I brand di moda - grandi e piccoli - sono stati tra i primi a condividere messaggi anti-razzisti che hanno seguito quasi completamente il medesimo template usato da Nike per la campagna messaggio For once, don’t do it, che consiste in una scritta bianca su un fondo nero o vice versa.
Nel giro di quarantotto ore, una reiterazione, imitazione o semplice remix di quel template è apparso ovunque, con l’effetto di creare una sequenza di messaggi del tutto identici, spesso brandizzati, e sostanzialmente indistinguibili fra di loro.
Posto che ogni messaggio contro il razzismo è prezioso, colpisce il fatto che i brand abbiano scelto una strategia di comunicativa così basica ed omogenea, probabilmente una scelta sicura che sembra più un dovere di comunicazione che un messaggio di supporto al movimento.
Questa completa omologazione estetica ricorda da vicino il fenomeno del “blanding”: quel momento nel 2018 in cui numerosi brand di lusso cambiarono logo adottando un anonimo font sans-serif che pareva identico per tutti.
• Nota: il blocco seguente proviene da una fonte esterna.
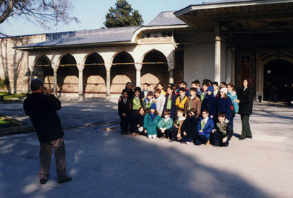 Just as in New Zealand, school children go for class trips to see interesting things. This class was visiting the Topkapi Museum, where much of the interesting history from the days of the Sultans is stored, along with beautiful clothing, pictures and jewellery. |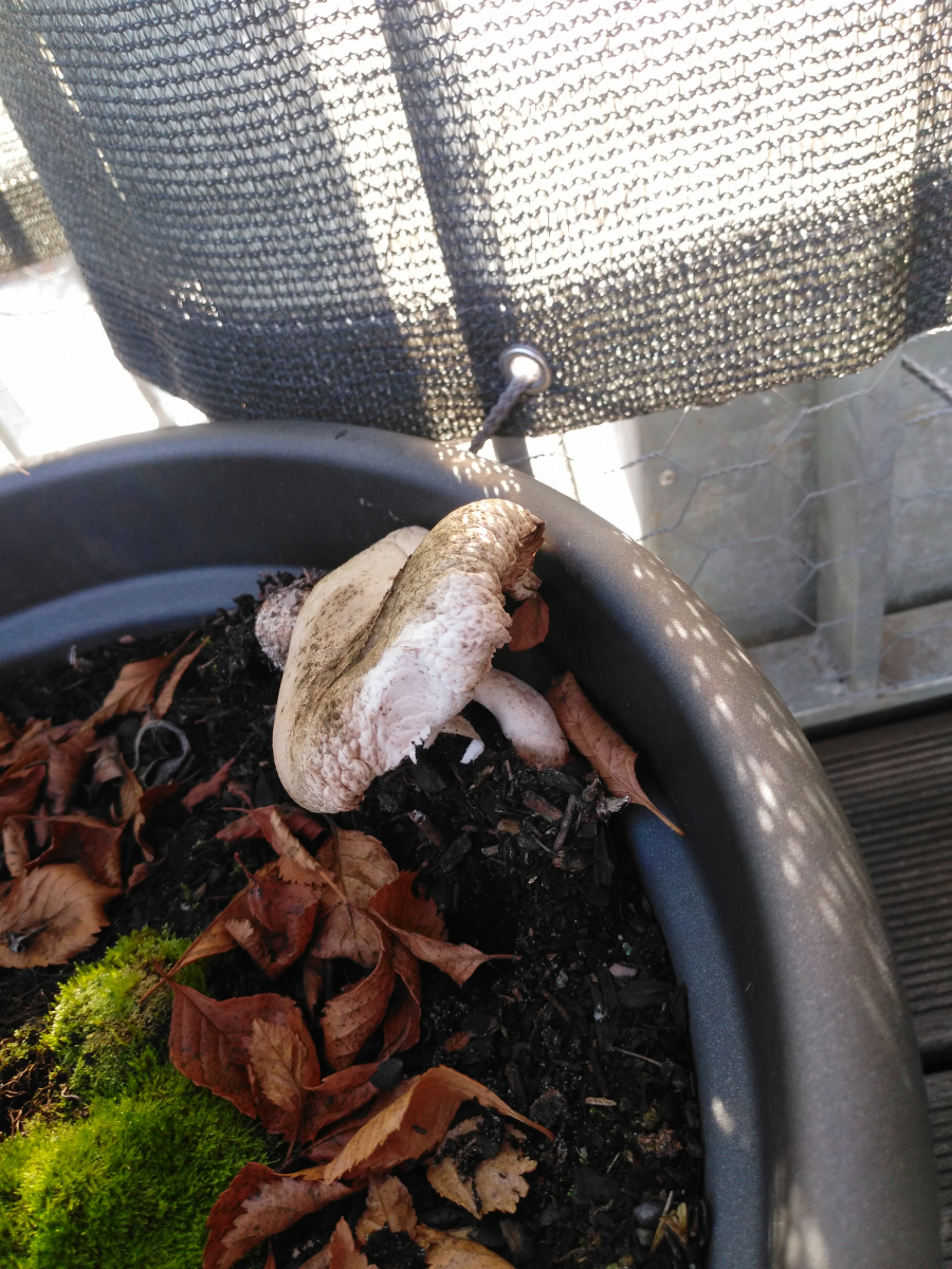 Auf der Terrasse meiner Mutter ist seit neuestem ein kleines Pilzchen gewachsen.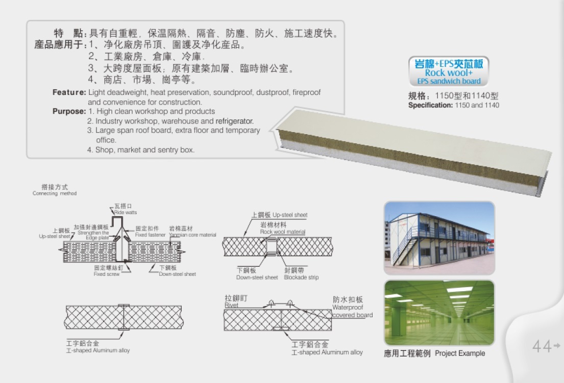 應用範圍:組合屋、儲物櫃、玻璃屋及廠房屋面、牆身、地面及所有內牆企身間格等
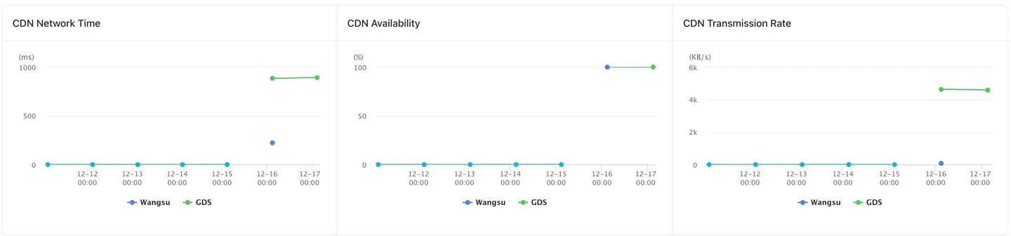 CDN quality assessment displays the change trend chart of "CDN network time", "CDN availability" and "CDN transmission rate" to comprehensively evaluate the quality of CDN vendors.
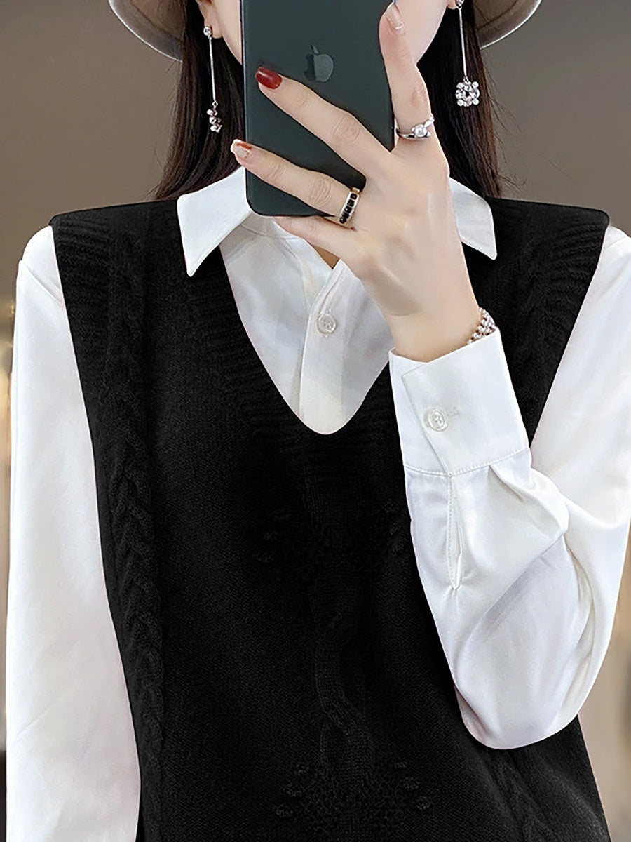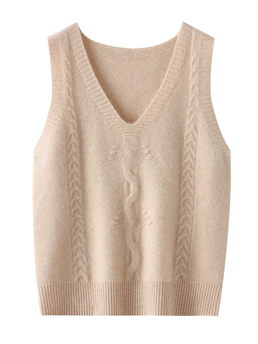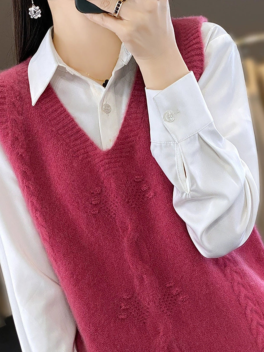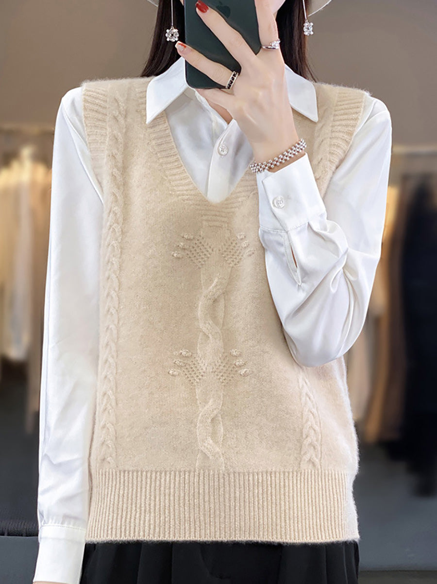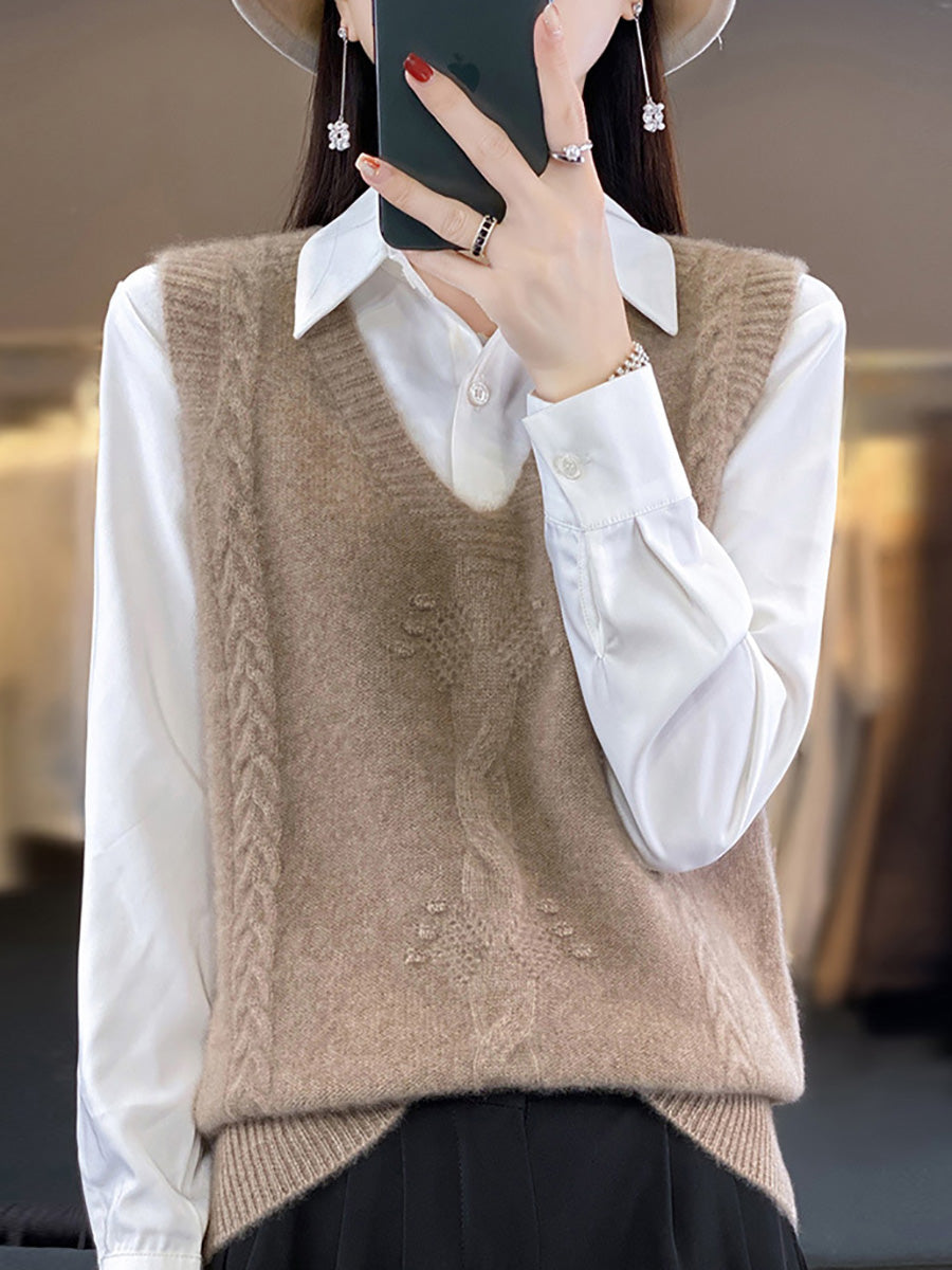 Gilet lavorato a maglia con scollo a V in jacquard artistico autunnale da donna

Ecco come The Fashion Law raccontò il fenomeno all’epoca:
«L’uniformità del design è parte di un più ampio atteggiamento della moda moderna che diventa sempre più formulare, aziendale e regolato a tavolino. Dato che un buon numero di fashion brand sono posseduti da aziende quotate in borsa, […] molto di ciò che producono, dagli abiti al branding, è il prodotto di trend forecasting e metriche accurate».
La necessità di adeguarsi alle politiche d’immagine aziendali, mescolata al generale conformismo dettato dall’estetica di Instagram ha prodotto questo risultato: decine di manifesti che sembrano generati automaticamente da un computer, pronunciati per battere il ferro dell’indignazione social mentre è caldo da una miriade di brand diversi, fra l’altro con un lessico limitato e convenzionale oltre che ostentando una generica solidarietà che non trova un autentico riscontro nelle azioni dei brand stessi o alla moda in generale e che, nel caso migliore, si risolve in una donazione di denaro altamente pubblicizzata. Addirittura Bottega Veneta ha postato nelle sue Instagram Stories uno statement generale di Kering che parlava a nome di tutti quanti i suoi brand – qualcosa di ancora più impersonale di un’imitazione: un copia-e-incolla.
Si tratta in definitiva di contenuti mirati a ottenere una consumer response tramite la solennità dello statement invece che con una scarpa o il volto di una celebrity. Dopo tutto, si potrebbe arguire, non è compito di un’azienda che produce abiti di lusso occuparsi di diritti civili – tanto più che l’attivismo non è un hashtag, non si può fare seduti nel proprio salotto né ridurre a una foto nera sul proprio feed di Instagram. Questa valanga di messaggi ispirazionali anti-razzismo tutti identici fra loro è la prova di come alla moda piaccia arrogarsi il ruolo di voce della cultura progressive anche se la sua natura di industria dalle logiche strettamente commerciali rimane sostanzialmente invariata. La docente universitarie ed ex-cultural inclusivity consultant di Gucci, Kim Jenkins, ha spiegato di recente a Vogue:
«Un post che riconosce ciò che sta accadendo e contiene una dichiarazione intelligente può avere peso. Si connette con i clienti. […] Ma qual è la tua promessa e dov’è il tuo impegno di leader a supporto della comunità? E cosa ci stai promettendo in termini di cambiamento dentro la tua organizzazione? È questo che chiederà il pubblico e non si accontenterà di parole vuote».